YHWH has made you priest instead of Jehoiada the priest, for there being inspectors of the house of YHWH over every man [who] is mad and making himself a prophet, and you have put him in the stocks and in the pillory.
27 Nu dan, waarom hebt gij Jeremia, den Anathothiet, niet gescholden, die zich bij ulieden voor een profeet uitgeeft?
And now, why have you not pushed against Jeremiah of Anathoth, who is making himself a prophet to you?
28 Want daarom heeft hij tot ons naar Babel gezonden, zeggende: Het zal lang duren; bouwt huizen, en woont daarin en plant hoven, en eet de vrucht daarvan.
Because that he has sent to us [in] Babylon, saying, It [is] long, build houses and abide; and plant gardens and eat their fruit.”
29 Zefanja nu, de priester, had dezen brief gelezen voor de oren van den profeet Jeremia.
And Zephaniah the priest reads this letter in the ears of Jeremiah the prophet.

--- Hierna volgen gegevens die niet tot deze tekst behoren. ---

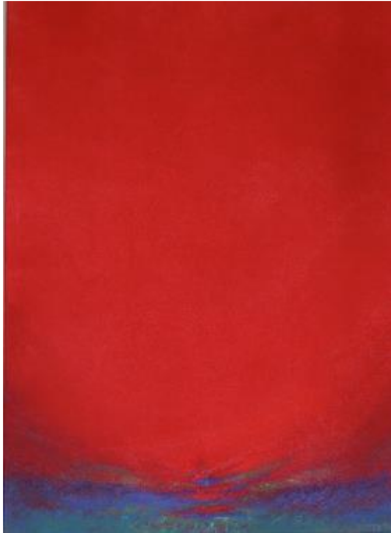
Opstanding - Pastelkrijt - roden, blauw en groen

Ik merk dat ik op weg moet gaan, dat duister in, en dat warmte en licht je daar tegemoet kunnen komen, als genade. Een weg van 'Stirb und Werde', verbonden met het Mysterie van Golgotha.
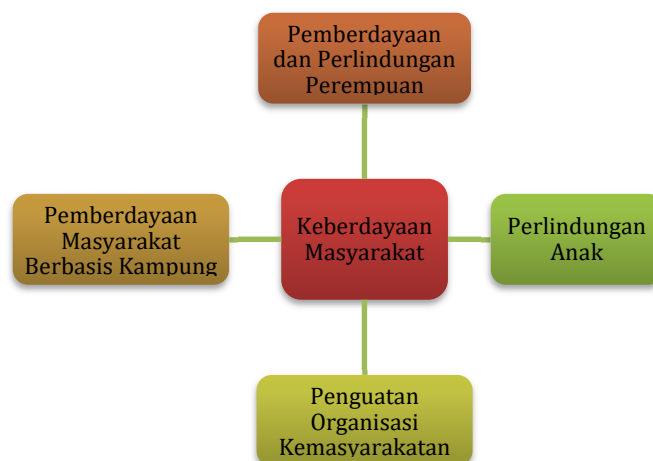
Gambar 3.7 Kerangka Logis untuk Peningkatan Keberdayaan Masyarakat

Sasaran daerah Meningkatnya Keberdayaan Masyarakat dicapai dengan kerangka logis sebagaimana gambar berikut.
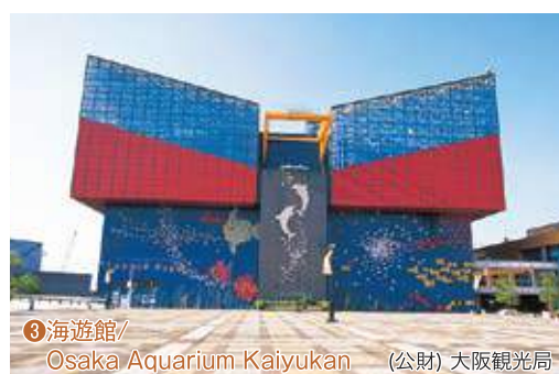
③海遊館/ Osaka Aquarium Kaiyukan (公財) 大阪観光局
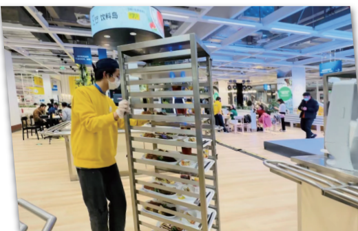
工作人员在准备午餐
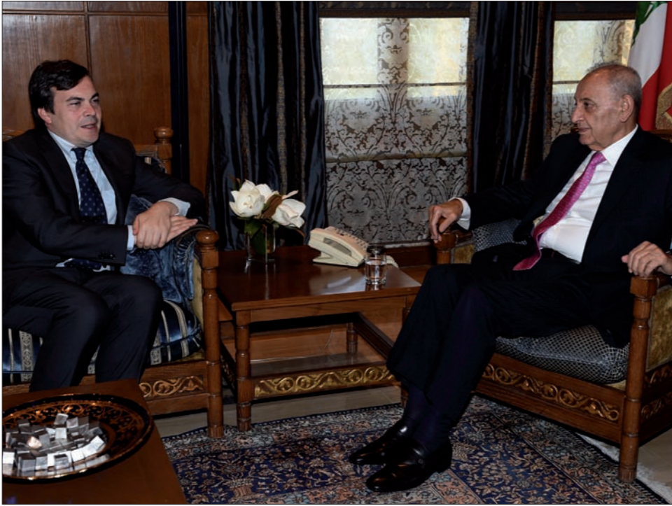
بري مستقبلاً نائب وزير الخارجية الإيطالي

وأجزاء من محافظة حماة واهتزت الأرض من شدتها، فهي صادرة عن تفجير وتدمير كامل لمستودعات جبهة النصر تحت الأرض في معسكر بلشون.
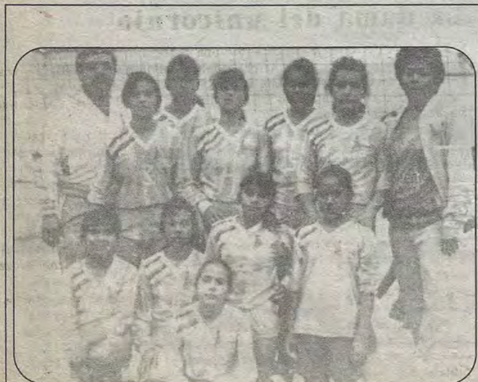
El equipo representativo de Querétaro en el Encuentro Nacional Estudiantil, en la rama femenil infantil de volibol, realizado en la ciudad de Toluca, puso en alto el nombre de nuestro estado al obtener el primer lugar. ¡FELICIDADES!
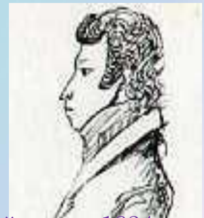
Период ссылки в Михайловское 1824 г
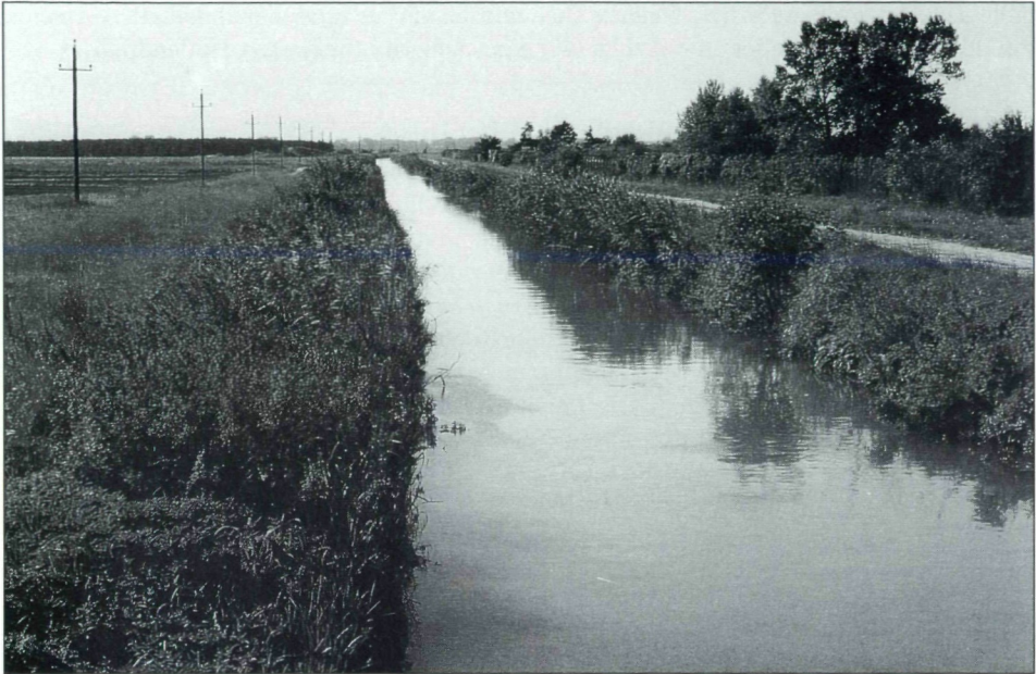
Abb.4: Wiener Neustädter Kanal bei Eggendorf.
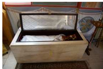
Châsse du Saint père Alexis d'Ugine

Un Molébène devant les reliques du Saint Prêtre Alexis d'Ugine peut être célébré selon votre demande.
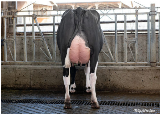
WESTCOAST FSTBL FAR8167 10707 DAM
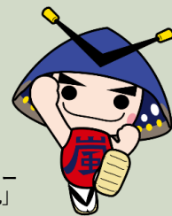
嵐山町マスコットキャラクター 「むさし嵐丸」
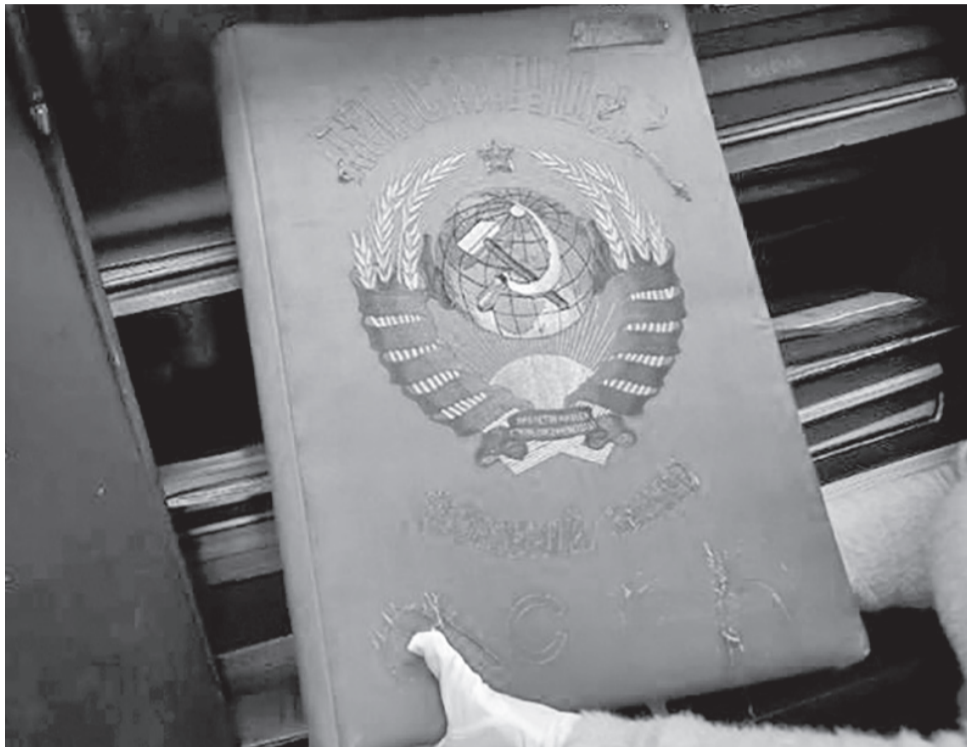
Конституция СССР 1936 года ручной работы, подаренная Иосифу Сталину активистками Совета жен Ленинградского техникума железнодорожного транспорта им. Ф.Э. Дзержинского

Ответ — в той же сталинской Конституции, в статье 6: «Земля, её недра, воды, леса, заводы, фабрики, шахты, рудники, железнодорожный, водный и воздушный транспорт, банки, средства связи, организованные государством крупные сельскохозяйственные пред-
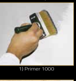
1) Primer 1000
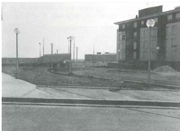
Plaça d'Emili Altimira

Totes aquestes obres públiques tenen per objecte la millora de Castellar, i d'elles en parlarem amb més detall en números successius de Casa de la Vila .
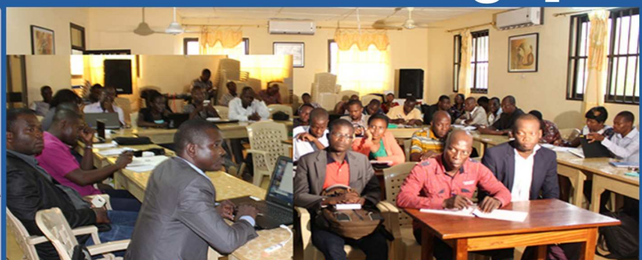
Les participants lors de la formation
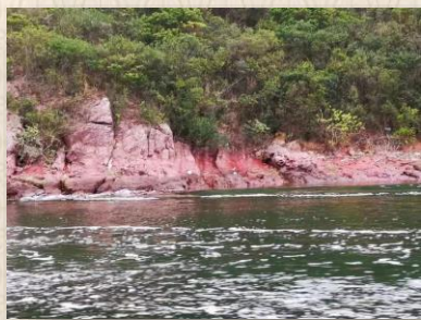
紅石門，這海域的石都是紅色的，而這海口石頭是特別的紅，因而稱為紅石門

吉澳、荔枝窩、鴨洲：香港聯合國教科文組織世界地質公園-新界東北沉積岩園區。 乘搭小艇出海，遊覽紅石門、印洲塘等。
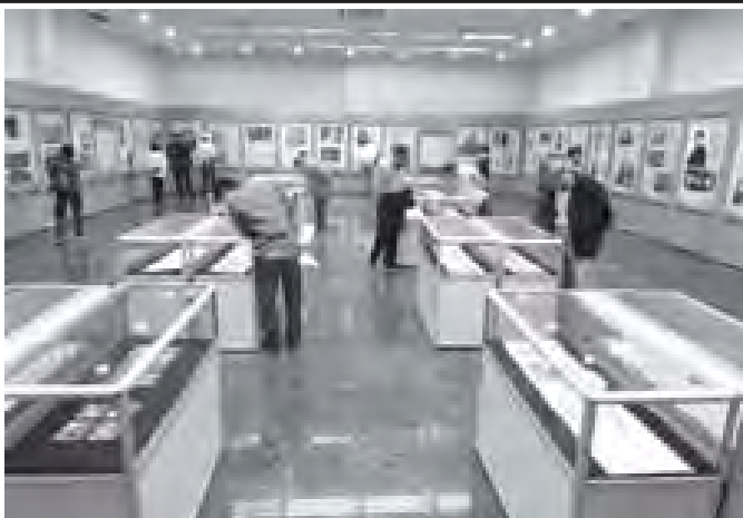
၁၉၁၁ ခုနှစ် တော်လှန်ရေး နှစ်(၁၀၀)ပြည့် အထိမ်းအမှတ် ဓာတ်ပုံပြပွဲကို တွေ့ရစဉ်။

လန်ဒန် အောက်တိုဘာ ၁၀ ဗြိတိန်နိုင်ငံ စကော့တလန်ဒေသရှိ နျူစကော့တလန်ဒေသရှိ ရေဒီယိုသံသွယ်ကြွ ဓာတ်ရောင်ခြည်ယိုစိမ့်မှု အန္တရာယ်ရှိ ဖြစ်ပေါ်ခဲ့ကြောင်း သိရသည်။ ဓာတ်ရောင်ခြည်ယိုစိမ့်မှုကို ရပ်တန့်ပေးနိုင်ခဲ့ကြောင်း သဘာဝပတ်ဝန်းကျင်ထိန်းသိမ်းရေး အာဏာပိုင်အဖွဲ့က ပြောကြားသည်။ ဗွန်ဇေးဖက်စ် ဓာတ်ပေါင်းစုံအမည်ရှိ နျူကလီးယား လျှပ်စစ်ဓာတ်အားထုတ်လုပ်ရေး စက်ရုံဟောင်းတွင် ယင်းဖြစ်ရပ် ပေါ်ပေါက်ခဲ့ခြင်းဖြစ်သည်။ အဆိုပါစက်ရုံကို ၁၉၇၀ ပြည့်လွန်နှစ်များက ဆောက်လုပ်ခဲ့ပြီး ၁၉၉၄ ခုနှစ်မှစ၍ လျှပ်စစ်ဓာတ်အားထုတ်လုပ်မှု မပြုတော့ပေ။ ဗွန်ဇေးဖက်စ် ဓာတ်ပေါင်းစုံကို ယခုအခါကုမ္ပဏီတစ်ခုက တာဝန်ယူ၍ ပြန်လည်ဖွင့်လှစ်နိုင်ရေးအတွင်း ဓာတ်ရောင်ခြည်ယိုစိမ့်မှု အန္တရာယ်ရှိနေသေးသည်။ အဆိုပါစက်ရုံမှာ ဝေးလံသဲခေါင်သောနေရာ၌ တည်ရှိပြီး ဓာတ်ရောင်ခြည်အန္တရာယ် ယိုစိမ့်မှုကို ရပ်တန့်နိုင်ခဲ့ကြောင်း တာဝန်ရှိသူတစ်ဦးကပြောကြားသည်။
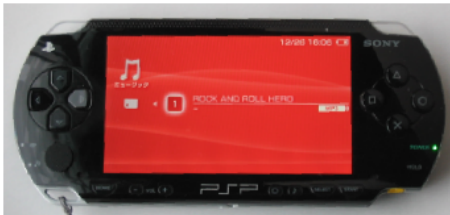
図 2) ホームメニューからミュージックを選んだ状態
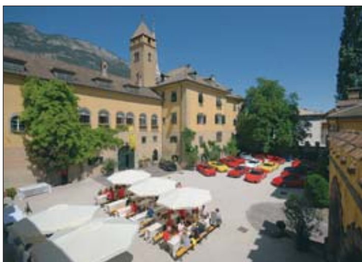
Der Schlosshof mit den Teilnehmern

Die im Schloss integrierte Kellerei verfügt über alle technischen Anforderungen der modernen Önologie. Das Ziel des Hauses ist es, Qualitätsweine herzustellen. Aus den Weinbergen, wo jeder Schritt kontrolliert werden
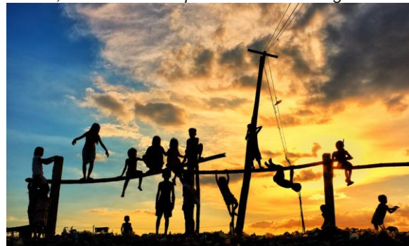
Gewinnerfoto Rotary International 2022

Das nachfolgende Foto, das wir vor Ort gemacht haben, wurde von RI auf den Platz 1 gewählt mit der Begründung: Die verspielten, organischen Formen der Kinderkörper bilden einen starken Kontrast zu den harten Linien der Strommasten und -leitungen. Trotz der begrenzten Farbpalette des Fotos hat man das Gefühl, dass es eine Explosion von Farben gibt.

30 Daarom geschiedde des HEEREN woord tot Jeremia, zeggende:
And there is a word of YHWH to Jeremiah, saying,
31 Zend henen tot allen, die gevankelijk weggevoerd zijn, zeggende: Zo zegt de HEERE van Semaja, den Nechelamiet: Omdat Semaja ulieden geprofeteerd heeft, daar Ik hem niet gezonden heb, en heeft gemaakt, dat gij op leugen vertrouwt;
“Send to all the expulsion, saying, Thus said YHWH concerning Shemaiah the Nehelamite: Because that Shemaiah prophesied to you, and I have not sent him, and he causes you to trust on falsehood,
32 Daarom zegt de HEERE alzo: Ziet, Ik zal bezoeking doen over Semaja, den Nechelamiet, en over zijn zaad; hij zal niemand hebben, die in het midden dezes volks wone, en zal het goede niet zien, dat Ik Mijn volke doen zal, spreekt de HEERE; want hij heeft een afval gesproken tegen den HEERE.
therefore, thus said YHWH: Behold, I am seeing after Shemaiah the Nehelamite, and after his seed, he has none dwelling in the midst of this people, nor does he look on the good that I am doing to My people,” a declaration of YHWH, “for he has spoken apostasy against YHWH.”